__What is needed__:
An exact copy of the listing below is required, minus its pictures.

═════ Data section ═════

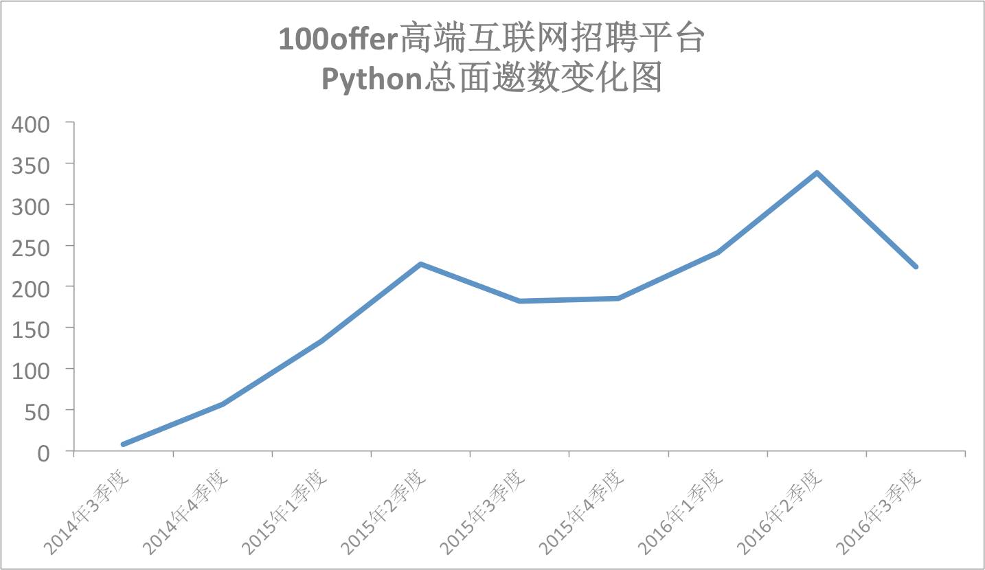 此次我们统计了九个季度(2014年7月至2016年9月)以来企业对Python开出的总面邀数。
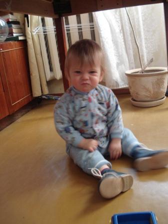 Данька тож на днях научился с кровати нашей правильно сползать, тока в ладоши так и не умеет хлопать, зато вчера научился самостоятельно передвигаться вперед на машинке-ходилке, наконец-таки видимо доросли ножки))))))))))))) еще ему оч понравилось открывать-закрывать дисковод.... а пока я это писала - он выключил комп, вот пришлось набирать заново! |
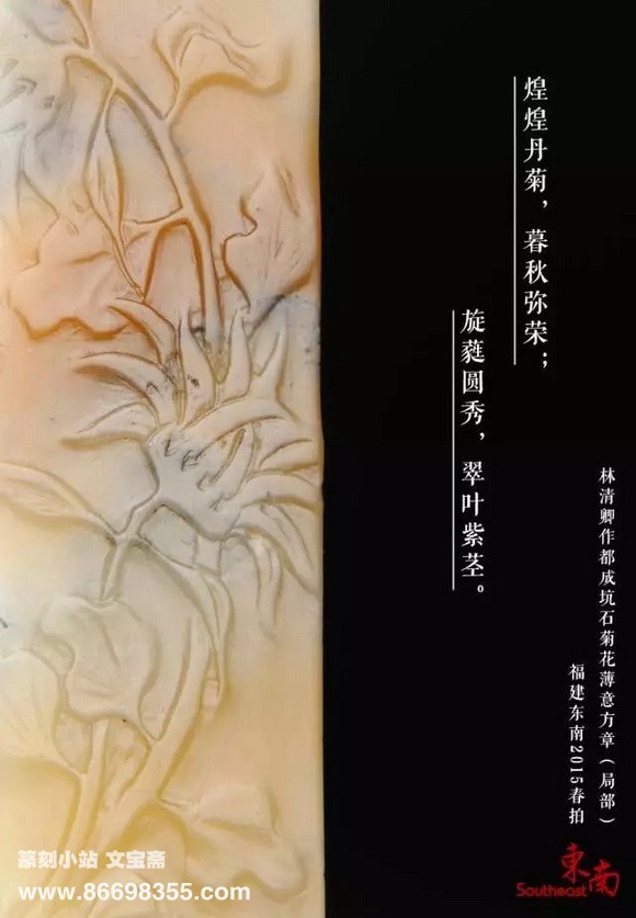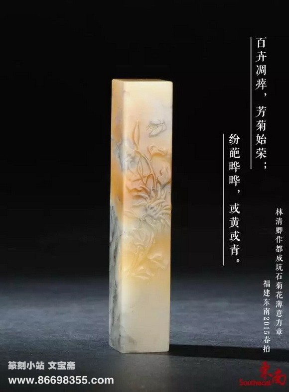 著名金石书画家陈子奋《寿山印石小志》评价都成坑石:“外有青黑色石皮,石工留其多寡,刻以薄意之花卉、山水、巧妙天成,田石几不能专美矣。”这枚方章运用了点点巧色雕刻墨菊,剔地圆熟,线条流畅古朴,充分展示出了笔墨的韵味与画意。“秋菊有佳色”,经霜不凋,独出幽芳。
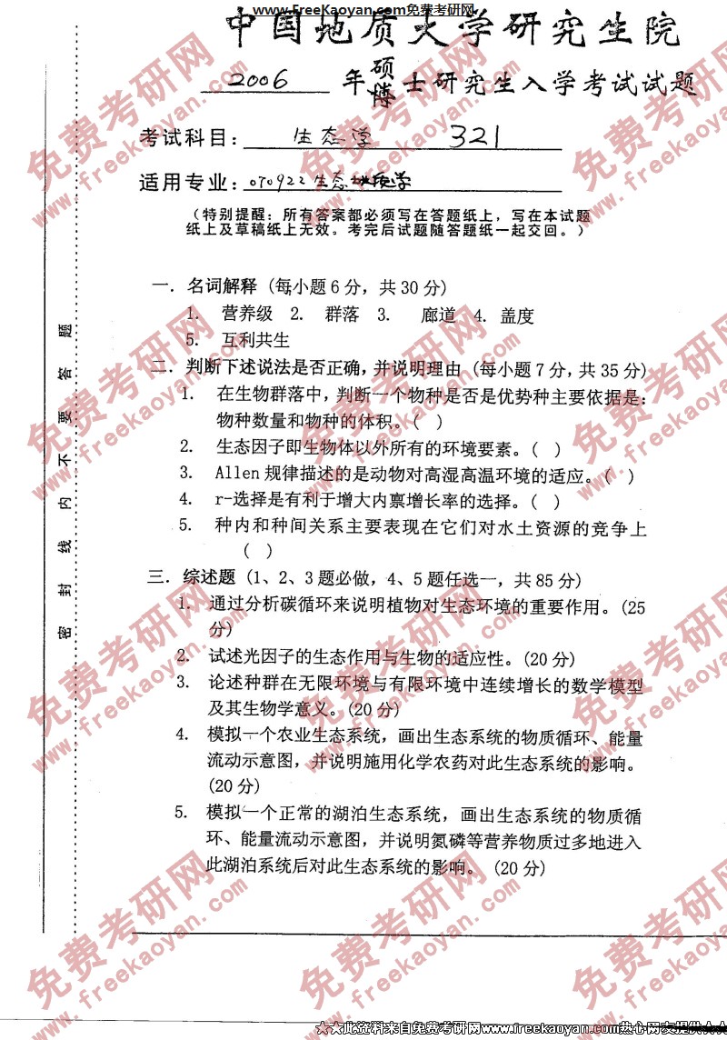 中国地质大学(武汉)2006年半岛在线注册真题-生态学
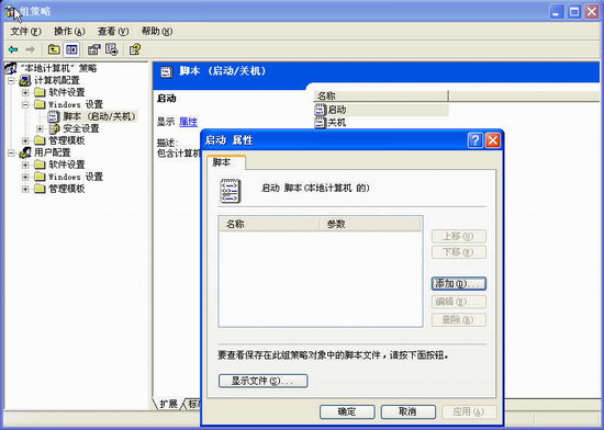 2.打开“运行”输入 “gpedit.msc”,打开“组策略”面板。在“本地计算机策略→计算机配置→Windows设置→脚本(启动/关闭)”中双击右边窗口中的“启动”,打开“启动属性”窗口。
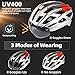【Bicycle Helmet with Detachable Magnetic Visor】Bike helmet visor with with 3 strong magnets, can be used as a sunglasses, not only protect your eyes against wind and sand, but also block the strong sunlight, UV400 protection. It won’t interfere with wearing your own glasses. Bike helmet men women meets your 3 wearing needs-goggles up, goggles down and no goggles, fit for mountain bike and road bike cycling.
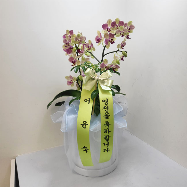 활짝 핀 꽃이 아주 예쁘네요. 개인적으로 화분 포장 보자기 색상은 좀더 화사하거나 청색계열이었으면 더욱 좋아 보였을거 같아요.

═════

__Response to the task__:
 此次我们统计了九个季度(2014年7月至2016年9月)以来企业对Python开出的总面邀数。
 Данька тож на днях научился с кровати нашей правильно сползать, тока в ладоши так и не умеет хлопать, зато вчера научился самостоятельно передвигаться вперед на машинке-ходилке, наконец-таки видимо доросли ножки))))))))))))) еще ему оч понравилось открывать-закрывать дисковод.... а пока я это писала - он выключил комп, вот пришлось набирать заново! |
 著名金石书画家陈子奋《寿山印石小志》评价都成坑石:“外有青黑色石皮,石工留其多寡,刻以薄意之花卉、山水、巧妙天成,田石几不能专美矣。”这枚方章运用了点点巧色雕刻墨菊,剔地圆熟,线条流畅古朴,充分展示出了笔墨的韵味与画意。“秋菊有佳色”,经霜不凋,独出幽芳。
 中国地质大学(武汉)2006年半岛在线注册真题-生态学
 2.打开“运行”输入 “gpedit.msc”,打开“组策略”面板。在“本地计算机策略→计算机配置→Windows设置→脚本(启动/关闭)”中双击右边窗口中的“启动”,打开“启动属性”窗口。
【Bicycle Helmet with Detachable Magnetic Visor】Bike helmet visor with with 3 strong magnets, can be used as a sunglasses, not only protect your eyes against wind and sand, but also block the strong sunlight, UV400 protection. It won’t interfere with wearing your own glasses. Bike helmet men women meets your 3 wearing needs-goggles up, goggles down and no goggles, fit for mountain bike and road bike cycling.
 활짝 핀 꽃이 아주 예쁘네요. 개인적으로 화분 포장 보자기 색상은 좀더 화사하거나 청색계열이었으면 더욱 좋아 보였을거 같아요.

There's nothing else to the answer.